August 13, 2023

Personal Loan with Collateral: Secured or Unsecured?

There are benefits and drawbacks to both sides of the argument over whether to take a secured or unsecured loan, but the final decision comes down to answering two questions:

  1. Do you have a valuable piece of collateral, typically a home or automobile?
  2. Are you willing to risk losing that asset if you can’t make payments on the loan?

If you can answer “Yes” to both questions, a secured loan is the route to take. There are many more benefits to a secured loan for the obvious reason that you stand to lose a lot if you don’t make payments. Additional benefits include:

  • It’s easier to qualify for a secured loan because you have collateral.
  • You should receive a better interest rate. The collateral used to secure the loan has value, which makes you less of a risk. The lower the risk, the lower the interest rate on the loan.
  • You should be able to borrow more money, based on the value of the collateral.
  • You may not need a job. Lenders prefer the borrower to have a job, but if job loss is the reason for the loan, employment is less of a factor, especially if there is good collateral backing the loan.
  • The primary benefit of an unsecured loan is that you won’t lose any assets, meaning home or car, if you can’t make payments. Additionally, unsecured loans are easier to dismiss in bankruptcy court.

Applying for a Personal Loan

The application process for personal loans should be easy, as long as you answer the questions in detail and can verify your work and credit history. Before you start filling out the application form, take a few minutes and answer some questions:

  1. What is the purpose for the loan?
  2. What is your credit score and what type of interest rate do you expect to receive based on that score?
  3. How much are you going to borrow and can you comfortably afford the payments on that amount?
  4. How long a repayment schedule can you handle and do you want a secured or unsecured loan?

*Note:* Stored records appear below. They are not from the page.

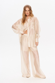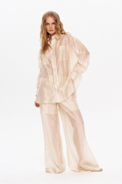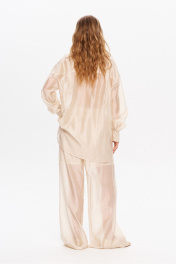 Полупрозрачный костюм-двойка из свободной рубашки и широких брюк на резинке. Детали: рубашка прямого силуэта, спущенная линия плеча, застежка на петли и пуговицы, длинные рукава с притачными манжетами, фигурный низ. Брюки с высокой посадкой на притачном эластичном поясе, без застежки, боковые карманы Брюки на подкладке из основной ткани. Длина рубашки по спинке около 78 см, длина рукава+ плечо около 55+7= 62 см. Длина брюк по боковому шву с поясом около 106 см в размерах 40-46 и около 107,5 см в размерах 48-52, длина по внутреннему шву около 78,5 см
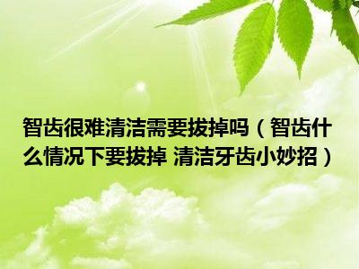 目前大家应该是对智齿什么情况下要拔掉 清洁牙齿小妙招比较感兴趣的,所以今天小编CC就来为大家整理了一些关于智齿什么情况下要拔掉 清洁牙齿小妙招方面的相关知识来分享给大家,希望大家会喜欢哦。
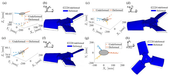 The modal shape results. (a,c,e,g) represent the 1st to 4th modal shapes obtained using the present method (The yellow dotted and solid lines respectively represent the centroid lines of one of the three blades before and after deformation, and the lines of other colors are similar.), while (b,d,f,h) depict the 1st to 4th modal shapes obtained through FEM.
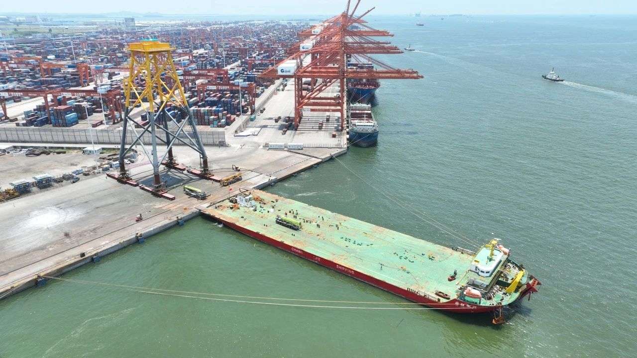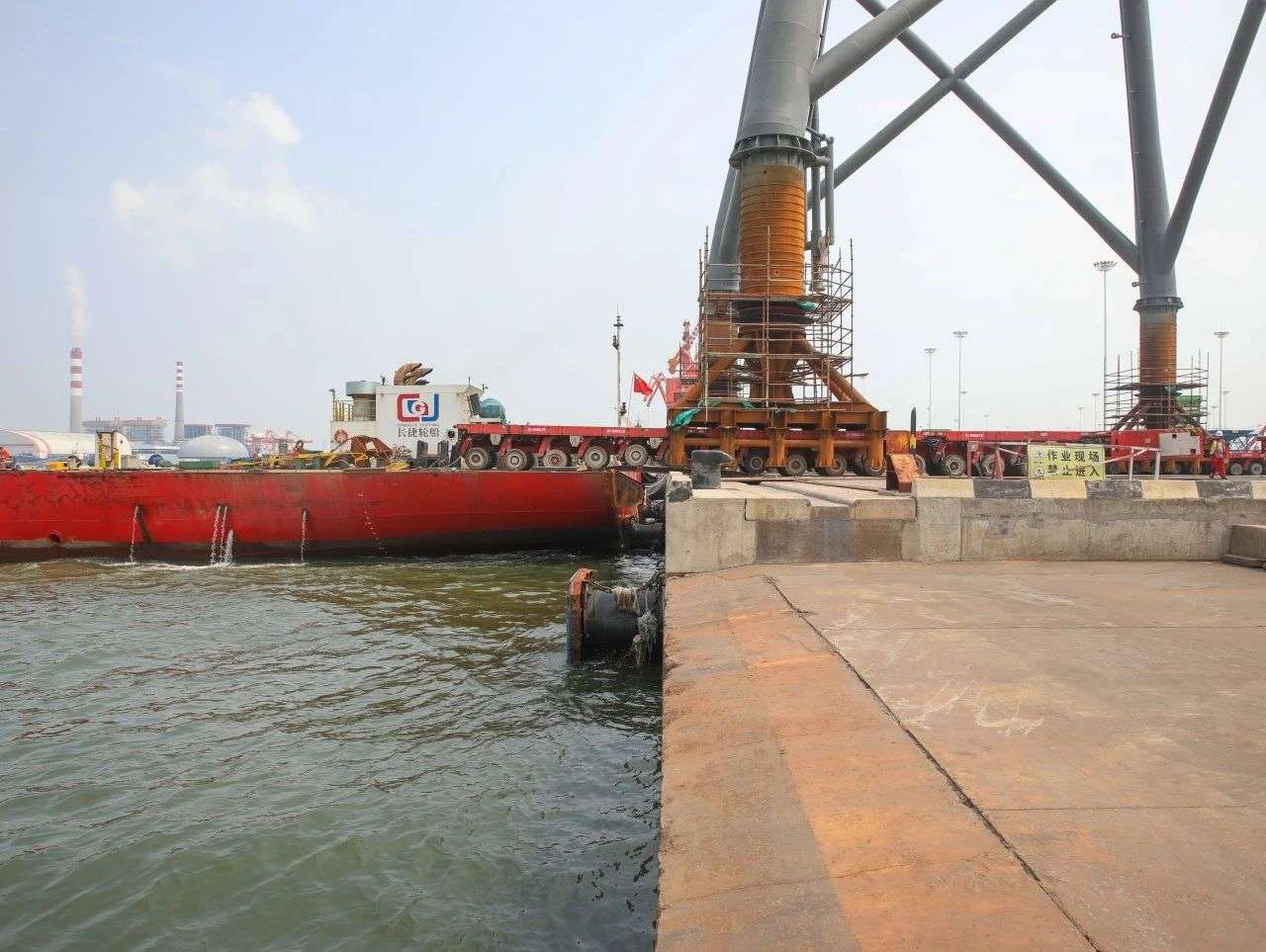 它们于7月27日13时开始通过四辆模块车滚装登船,7月28日11时全部登船完毕,待完成加固等工作后将择时离港前往广东阳江风场,助力海上风电母港建设。
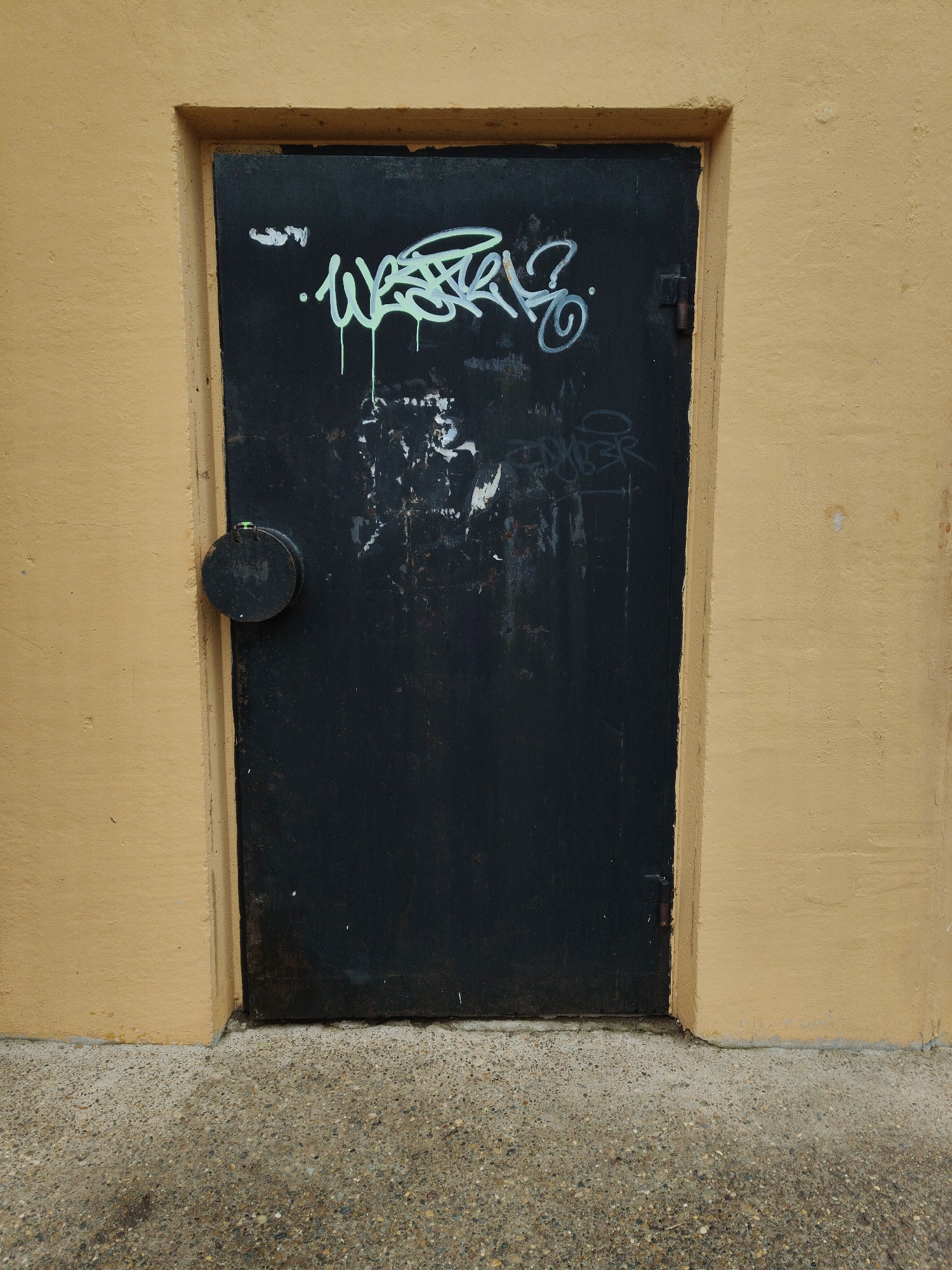 black door with graffiti, set in a yellow-painted wall. The door has a circular handle on the left and is stained with smudges and faded graffiti. There are two graffiti designs on the door. The first is in a light green color in the top left of the door. The second design is in the bottom right of the door. The wall surrounding the door is a light yellow or tan color, with slight variations in texture. The bottom of the door meets a concrete surface, which extends into the foreground.
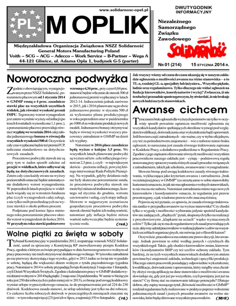 www.solidarnosc-opel.pl M OPLIK Miêdzyzak³adowa Organizacja Zwi¹zkowa NSZZ Solidarnoæ General Motors Manufacturing Poland Voith SCG ACG Adecco Work Service B-Partner Wega A 44-121 Gliwice, ul. Adama Opla 1, budynek G-5 (parter) Noworoczna podwy¿ka Z godnie z obowi¹zuj¹cym, wynegocjowanym przez NSZZ Solidarnoæ, porozumiem p³acowym od 1 stycznia 2014 w GMMP rosn¹ o 4 proc. zasadnicze stawki p³ac na wszystkich szczeblach wide³ek, jak równie¿ wysokoæ premii IMPU. Tegoroczny wzrost wynagrodzeñ jest zatem wyranie wy¿szy od inflacji (po trzech kwarta³ach wynosi³a ona 1,1 proc.), a porozumienie p³acowe przewiduje równie¿ wyp³atê we wrzeniu 2014 ca³ej za³odze jednorazowego bonusa w równej dla wszystkich wysokoci 500 z³. Oczywicie ca³y czas wyp³acana bêdzie te¿ premia FCP, naliczana standardowo na dotychczasowych zasadach. Procentowe podwy¿ki stawek nie s¹ przy tym w ¿aden sposób zale¿ne od przejæ w wide³kach, które odbywaæ siê bêd¹ na dotychczasowych zasadach. Zatem ca³y czas ka¿dy awans na wy¿szy poziom tabeli oznaczaæ bêdzie automatycznie dodatkowy wzrost wynagrodzenia. W poprzednich latach przejcia w wide³kach wi¹za³y siê ze wzrostem funduszu p³ac (czyli wynagrodzeñ ca³ej za³ogi, a nie tylko osób przechodz¹cych na wy¿sze stawki) o oko³o pó³tora procent. Podpisane pod koniec lipca minionego roku porozumienie p³acowe okrela wzrost wynagrodzeñ do koñca 2016. W przysz³ym roku stawki podstawowe wzrosn¹ o 4,34 proc., przy czym 0,84 proc. stanowiæ bêdzie wliczenie do stawek 500 z³ jednorazowej premii wyp³acanej w latach 2012-14. Jednoczenie jednak zarówno w 2015, jak i 2016 planowane s¹ po dwie jednorazowe premie: w styczniu 500 z³ za wykonanie planu produkcyjnego w roku poprzednim oraz w padzierniku po 1000 z³ za wdro¿enie produkcji nowych modeli. Jednorazowe bonusy otrzymywaæ bêd¹ w równej wysokoci wszyscy pracownicy zatrudnieni w GMMP na dzieñ ich wyp³aty. Natomiast w 2016 p³ace zasadnicze bêd¹ wy¿sze o kolejne 3,5 proc. We wszystkich latach planowane podwy¿ki s¹ wy¿sze od tzw. celu inflacyjnego (wynosi on 2,5 proc.), czyli w najwiêkszym skrócie poziomu inflacji, powy¿ej którego interweniuje Rada Polityki Pieniê¿nej. Na wypadek, gdyby dzia³ania rady nie by³y skuteczne porozumienie ustala, ¿e procentowa podwy¿ka stawek nie mo¿e byæ ni¿sza od redniorocznego, liczonego od stycznia do grudnia, wzrostu cen towarów i us³ug, czyli stopy inflacji. S³owem w najgorszym scenariuszu gospodarczym procentowa podwy¿ka stawek chroniæ bêdzie ich realn¹ wartoæ, natomiast gdy inflacja bêdzie ni¿sza wartoæ nabywcza p³ac bêdzie systematycznie ros³a. (red) Wolne pi¹tki za wiêta w soboty T rybuna³ Konstytucyjny w padzierniku 2012, rozpatruj¹c wniosek NSZZ Solidarnoæ, uzna³ za sprzeczny z Konstytucj¹ RP znowelizowany przepis Kodeksu Pracy, zgodnie z którym za wiêto przypadaj¹ce w dniu harmonogramowo wolnym od pracy pracownicy nie mieli otrzymywaæ dodatkowego wolnego. W tym roku zatrudnieni po raz pierwszy skorzystaj¹ z tego wyroku, gdy¿ w 2013 ¿adne ze wi¹t nie wypada³o w sobotê, bêd¹c¹ dla wiêkszoci dniem wolnym z tytu³u piêciodniowego tygodnia pracy. Natomiast w 2014 w soboty przypadaj¹ wiêto Konstytucji 3 maja oraz 1 listopada, czyli Dzieñ Wszystkich wiêtych. Zgodnie z kalendarzem pracy w GMMP dodatkowymi dniami wolnymi w 2014 bêd¹ pi¹tki: 2 maja oraz 24 padziernika. W sumie w bie¿¹cym roku jest 250 dni roboczych (o jeden mniej ni¿ w 2013), co bior¹c pod uwagê kodeksowy wymiar urlopu wypoczynkowego oznacza, ¿e do przepracowania jest od 224 do 230 dniówek. Kodeksowa zasada stanowi, ¿e urlop udzielany jest tylko na dni robocze. Co ciekawe liczba roboczych dniówek w poszczególnych miesi¹cach znacznie siê ró¿ni w tym roku najwiêcej (23) jest ich w lipcu, a najmniej (19) w listopadzie. (rd) DWUTYGODNIK INFORMACYJNY Niezale¿nego Samorz¹dnego Zwi¹zku Zawodowego NR 01 (214) 15 STYCZNIA 2014 R. Jak wszyscy wiemy od czasu do czasu ukazuj¹ siê w naszym zak³adzie og³oszenia o mo¿liwoci awansu na ró¿ne stanowiska a to TL-a, rzadziej GL-a, specjalisty lub in¿yniera... Wszystko piêknie, ³adnie oraz regulaminowo. Tylko dlaczego nie widaæ og³oszeñ na funkcje kierowników, koordynatorów i wy¿ej? Zw³aszcza, i¿ nie trzeba byæ przesadnie spostrzegawczym, by stwierdziæ, ¿e nie brakuje nowych ludzi na tych stanowiskach. Awanse cichcem T ymczasem brak og³oszeñ dla wy¿szych poziomów nie tylko w oczywisty sposób powa¿nie ogranicza mo¿liwoæ zg³oszenia siê wszystkich kandydatów spe³niaj¹cych okrelone wymogi pod wzglêdem kwalifikacji, dowiadczenia oraz wykszta³cenia b¹d uprawnieñ. Jeli bowiem czêæ zatrudnionych nie wa¿ne, czy w trybie oficjalnym, czy te¿ za porednictwem znajomoci wie o naborze mimo braku og³oszeñ, to naruszana jest zasada równego traktowania zapisana w Kodeksie Pracy, a dodatkowo podkrelona w Regulaminie Pracy. Zgodnie z jego zapisami oferowanie równych mo¿liwoci wszystkim pracownikom naszego zak³adu jest cytujê podstawow¹ regu³¹ stosowan¹ przy opracowywaniu ró¿nych zasad i procedur zwi¹zanych z zatrudnieniem, takich jak szkolenia, awansowanie i wynagradzanie. S³owem bior¹c pod uwagê kodeksowe zasady równego traktowania, wykluczaj¹ca jako kryterium awansu i zatrudnienia brak wczeniejszej pracy w GMMP (co zreszt¹ samo w sobie stanowi³oby kuriozum) oznacza to, ¿e jak nie ma og³oszenia o wolnych stanowiskach, to nie ma na nie naboru. Natomiast zatrudniania mimo tego nowych kierowników i koordynatorów oznacza, ¿e regulamin jest prawie przestrzegany, a jak wiadomo prawie robi znaczn¹ ró¿nicê. Pojawia siê te¿ pytanie, co sprawia, ¿e zasada równego traktowania zanika w przypadku awansów na wy¿sze stanowiska? Czy chodzi tylko o wygodê i mo¿liwoci wybierania jedynie sporód kandydatów nie zadaj¹cych zbêdnych pytañ, skupionych tylko na realizacji z przys³owiowymi klapkami na oczach w¹sko wyznac
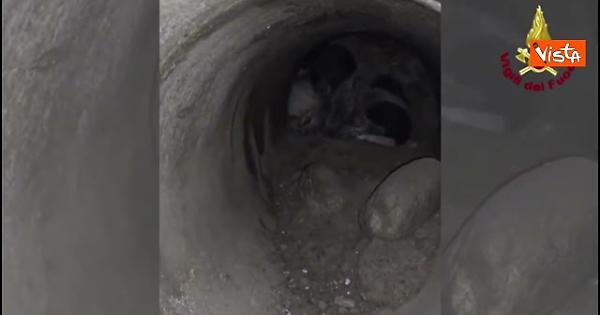 Cagnolina e i suoi due cuccioli bloccati in una tubatura, salvati dai Vigili del fuoco di Cosenza
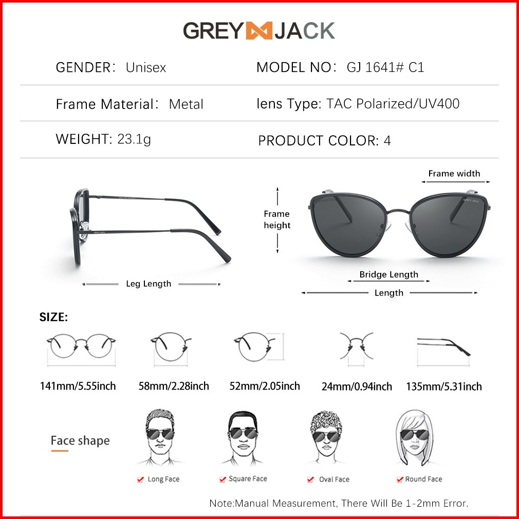 Grey Jack Kacamata Sunglasses Polarized Anti Uv400 Anti Silau Style Cat Eye Modern Fashion Wanita Modis Terbaru 1641
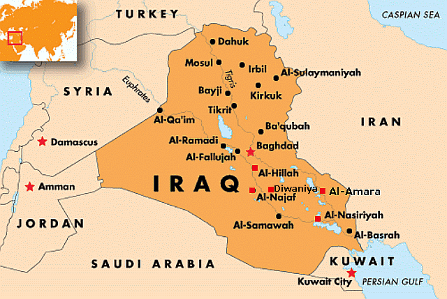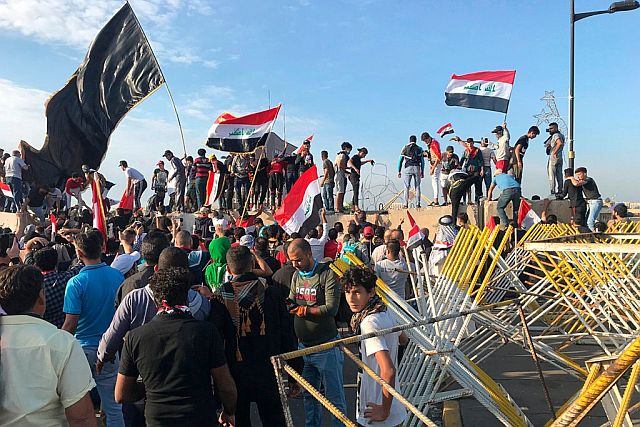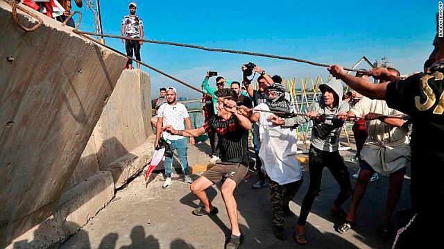 25日には、首都バグダッドBaghdad中央にあるタリハール広場Tahrir Square に数百人のデモ隊が終結し、一部が、国会や官庁、各国大使館などのあるグリーンゾーンThe Green Zoneを囲むコンクリート壁を破壊するなどした。:右
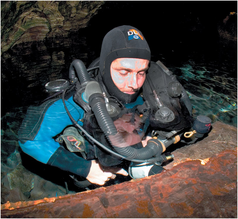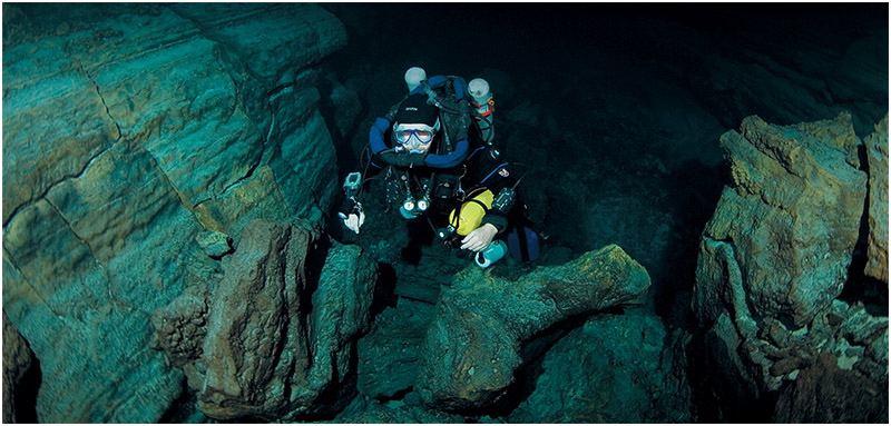 Below: Dr. Tom Iliffe dives a Megalodon rebreather as a matter of conservation, leaving athe water chemistry minimally affected by our presence.
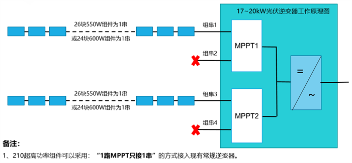 “1路MPPT只接1串”的接线图(图中红色不能接入)
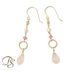 【土日限定1500円OFFクーポン有】 18金 ピアス k18 18金ピアス 18k 天然石 ピンクトパーズ ローズクオーツ 淡水パール k18ピアス ピアス18金 両耳

Once you have the answers, gather documents required to verify financial information. You may need tax returns, checking and savings account information, deeds for property and titles for cars. You may need all or parts of that list, depending on the size of loan you’re seeking.

Finally, you will need the usual personal information, name, age, address, social security number and contact numbers, and something to verify each one.

Many loan applications are rejected because the borrower couldn’t provide documentation needed for approval. It’s important to assemble all necessary paperwork together before you start filling out the application.

One more bit of advice: Shop around. It may feel you’re begging for help when you start the process, but the truth is, you’re the customer. If the lender wants your business, they will work with you to get a deal done. If not, keep shopping.

Qualifying for a Loan

Since most personal loans lack collateral, lenders will scrutinize your credit history, your income and your debt level before approving financing. Your credit history, and your credit rating, will help determine how much interest you’ll pay. The lower your credit score, the higher the interest rate and the less you’ll be able to borrow.

Since there are many varieties of personal loans, there’s no single formula for qualifying to borrow. Payday lenders, for instance, will often loan money in anticipation of a paycheck or a tax refund. Payday lenders often require a credit check, but might charge interest rates of 400% or more. The high interest can prove disastrous for borrowers, so be wary of such lenders and always consider the terms of the loan. Too many borrowers fail to understand how interest accrues and come to regret their decision.

Some lenders will transact with people will low credit scores but will charge relatively high interest rates – often has much as 36%.

As a rule, avoid payday lenders and carefully evaluate repayment terms and interest rates before borrowing. Personal loans can be cheaper than credit card balances and offer a way to consolidate several debts into one.

Credit card debt is revolving debt while personal loans are installment debt. Credit rating agencies treat revolving and installment debt different, and transferring debt from revolving to installment can improve your credit score.

How is My Credit Affected by a Personal Loan?

If you are using a personal loan to consolidate and pay down credit card debt, you might discover that you credit score improves rapidly. A significant part of a credit score is based on credit utilization, which is the percentage of your credit in use. Since personal loans generally don’t involve a credit line, transferring debt from revolving credit card debt to the installment debt of a personal loan will lower your credit utilization amount, and that will have a favorable impact on your credit score.

Personal loans can help you rebuild credit and pay off debt without the help of a debt consolidation firm. This can save you money, but it isn’t an option for everyone. If your credit score has dropped below 580 as the result of high amounts of revolving debt, it is unlikely you will be able to find a personal loan that makes financial sense. Before seeking a personal loan, it pays to know your credit score and find out what interest rates lenders charge. The lower your score, the higher your interest rate will be.

If you think you’ll have a hard time making on-time payments on your loan, think twice about borrowing the money. Defaulting on a personal loan can severely damage you credit score if the default is reporting to one of the rating agencies. If you borrow the money from a family member and fail to repay, you might lose an important relationship and if you signed a contract, you could be sued. So always think ahead.